In Publix Super Markets, Inc., v. Figareau, et al., No. 20-14212, __F.App’x__, 2021 WL 2065434 (11th Cir. May 24, 2021), an action brought under ERISA § 502(a)(3), the Eleventh Circuit considered the Defendants-Appellants’, Patricia Figareau and her husband, Frantz Paul, and their legal counsel, Diez-Arguelles & Tejedor, P.A., appeal of the district court’s grant of summary judgment in favor of Paul’s employer, Publix Super Markets, Inc. (“Publix”). Publix, the plan sponsor and plan administrator of the Group Health Benefit Plan (“the Plan”), filed a complaint against Defendants for reimbursement of $88,846.39 that the Plan paid for Paul’s daughter, L.P., who suffered a brachial plexus injury during her delivery. Publix sought an equitable lien by agreement on the funds Defendants received by way of a settlement obtained by the hospital and medical group that caused L.P.’s injuries. Figareau and Paul received $95,000 from the hospital and three years later entered a structured settlement with the medical team for $750,000. The couple and L.P. deposited the proceeds in a settlement account held in trust by their attorney. The district court determined that Publix was entitled to an equitable lien by agreement based on the terms of the Plan. The Eleventh Circuit affirmed.
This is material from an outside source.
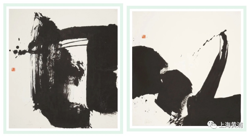 丛培波的《迅》《以》现代水墨书法搭配胡桃木餐桌,构成极简而富有禅意的空间。

As recounted by the court, the Plan “may issue payments for covered medical, prescription and other health care claims incurred by a member for a covered injury or illness caused by ‘another party’ …, but the member agrees to fully reimburse the Plan if and when the member receives payment from another party in connection with such injury or illness.” The Plan grants itself a “First Priority Right of Subrogation and/or Reimbursement.” The Plan is “entitled to first and full priority reimbursement out of any recovery to the extent of the Plan’s payments” and to “a first priority equitable lien against any recovery to the extent of benefits paid,” which “supersedes any right that the member may have to be made whole.” Recovery consists of “[a]ny and all monies identified, paid or payable to the member through or from another party by way of judgment, award, settlement, … or otherwise … to compensate for any losses caused by, or in connection with, such member’s injury or illness.”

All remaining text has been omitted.